The ALGORITHM 1 executes a for loop, with one iteration of the loop for each training epoch. Any suitable number of training epochs may be executed. For each training epoch, the explanation-based trainer system 124 may determine an output of the bias-cleared private model 118 in view of the input parameter values X_batchand the current weights of the bias-cleared private model 118 weights. In the example of ALGORITHM 1, the output of the bias-cleared private model 118 is stored to the variable called logits.
The explanation-based trainer system 124 may determine a utility loss and may also find bias-cleared private explanation data 122 based on the bias-cleared private model 118 and the input parameter values X_batch. For example, the explanation-based trainer system 124 may call the explainer model 116 to generate bias-cleared private explanation data 122 based on the output of the bias-cleared private model 118 for the training epoch. In the example of ALGORITHM 1, the bias-cleared private explanation values are stored to a variable called current_exp. In the example of ALGORITHM 1, the explanation-based trainer system 124 normalizes the bias-cleared private explanation data 122, storing result back to the variable current_exp.
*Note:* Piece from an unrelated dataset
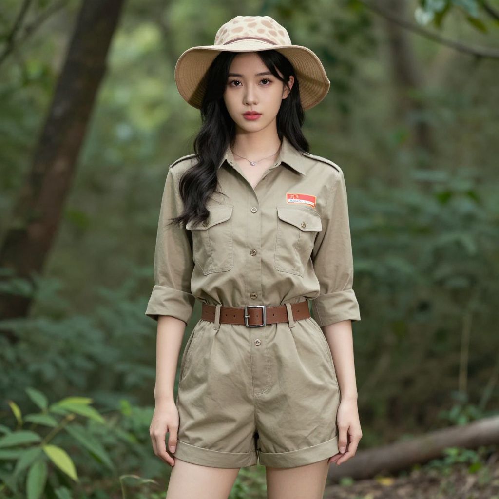 This is a photograph of an Asian woman standing in a dense, green forest. She has long, wavy black hair and wears a khaki safari outfit with a button-up shirt and high-waisted shorts, belted at the waist. She also wears a beige safari hat. Her shirt has two chest pockets and a red patch on the left side. She has fair skin and a calm expression with natural makeup. The background is blurred, highlighting the lush greenery and tree trunks. The overall style is casual and adventurous, with a natural, earthy color palette.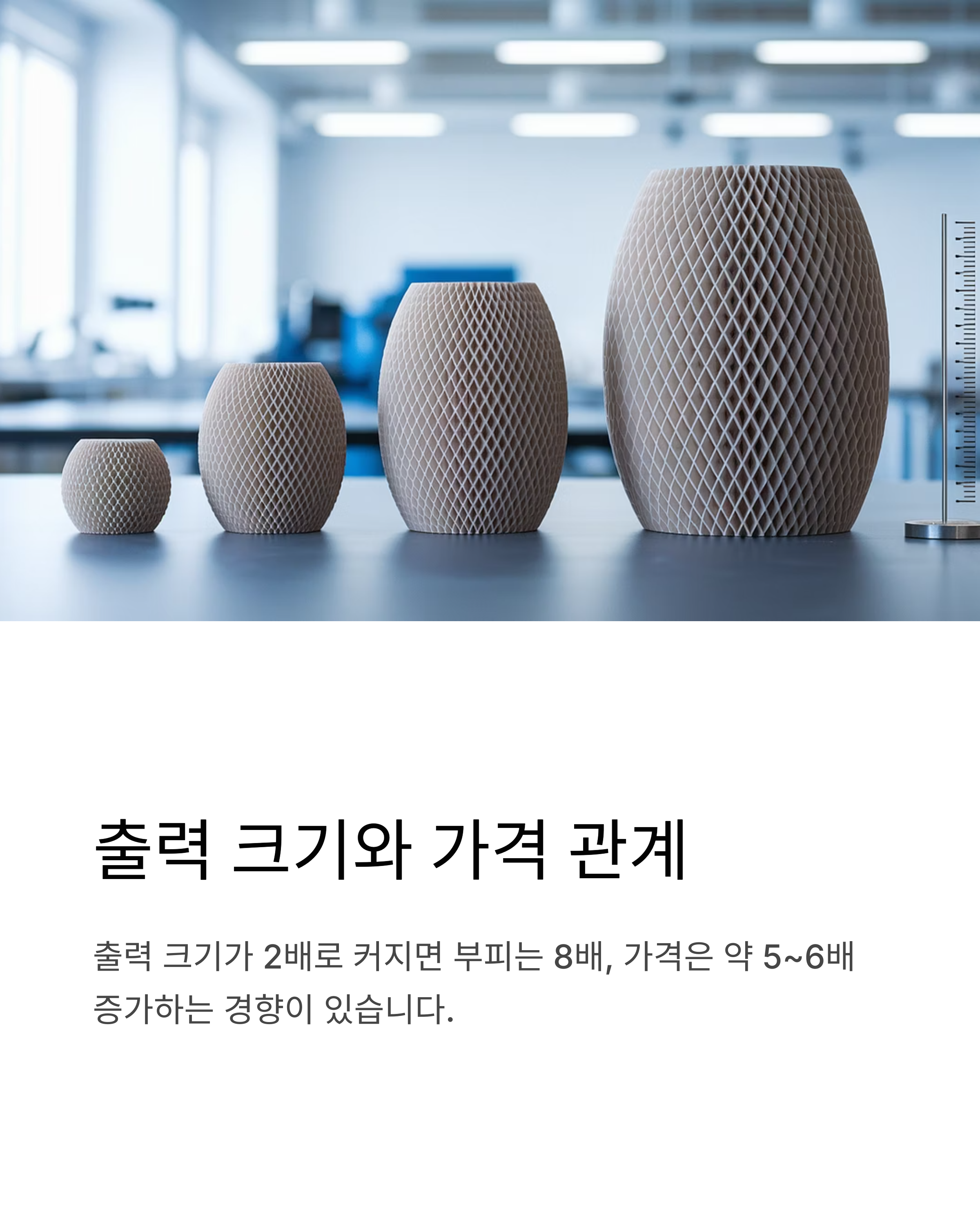 출력물이 클수록 재료가 많이 사용되어 비용 증가

Normalizing the bias-cleared private explanation data 122 may involve, for example, scaling the bias-cleared private explanation data 122 between a defined range such as, for example, between zero and one. The bias-cleared model explanation data 120, in various examples, may be similarly normalized.
The explanation-based trainer system 124 may determine a utility loss loss_uby executing a loss function, for example, according to an SGD technique. The utility loss may be based on the outputs of the model for the epoch, indicated by logits, and the labels Y_batch.
The explanation-based trainer system 124 may also determine an explanation loss loss_e. The explanation loss is based on a difference between the bias-cleared private explanation data 122 and the bias-cleared model explanation data 120, indicated in ALGORITHM 1 by TargetExplanation. The explanation loss loss_emay be based on a mean absolute error value (MAE) found between the bias-cleared private explanation data 122 and the bias-cleared model explanation data 120. In some examples, the MAE may be multiplied by a waiting factor given by α. In some examples, the MAE of the explanation loss is determined according to Equation [2] below:
$\begin{matrix} {loss}_{e} = \sum \frac{❘ e_{c} - e_{cm} ❘}{\max ❘ e_{c} - e_{cm} ❘} & [2] \end{matrix}$
In the example of Equation [2], the MAE is the sum of the differences between the bias-cleared private explanation data 122 and the bias-cleared model explanation data 120 over a maximum difference summed over all samples of the training data 112, such as all of the samples of the training data 112 in a batch. If multiple batches of training data 112 are used in a training epoch, then the sum may be taken over all batches used for the training epoch. In some examples, the bias-cleared model explanation data 120 are determined based on the training data 112, and may be determined during the training epoch for training the bias-cleared private model 118. Also, in some examples, the bias-cleared model explanation data 120 is determined from test data 114 or other data different from the training data 112 used to train the bias-cleared private model 118. In these examples, the explanation-based trainer system 124 may select training data 112 for use with the bias-cleared private model 118 based on its correspondence to the test data 114 or other data used by the explainer model 116 to generate the bias-cleared model explanation data 120. For example, the explanation-based trainer system 124 may select training data 112 with input parameters and/or labels similar to those of the input parameters and/or labels of the test data 114 used by the explainer model to generate bias-cleared model explanation data 120. Consider an example in which the training data 112 indicates images that contain a particular feature, such as a human face. The explanation-based trainer system 124 may select bias-cleared model explanation data 120 generated by the bias-cleared model 108 based on test data 114 that also has samples indicating a human face or similar feature.
In the example of ALGORITHM 1, the explanation-based trainer system 124 updates the weights (weights) of the bias-cleared private model 118 based on the utility loss, the explanation loss, and the privacy budget. At the conclusion of the determined number of epochs, the bias-cleared private model 118 may be trained.
ALGORITHM 2 below shows another example way that the training phase 104 may be executed:


ALGORITHM 2

INPUTS: Examples {x1, . . . xn}, learning rate ηt, noise scale σ, group

size L, gradient norm bound C, alpha α

Initialize θ₀randomly

for t ∈ [T] do

Take a random sample L_twith sampling probability L/N

Compute Loss:

For each i ∈ L_t

E_t← compute − SHAP (model − nonprivate(x_i))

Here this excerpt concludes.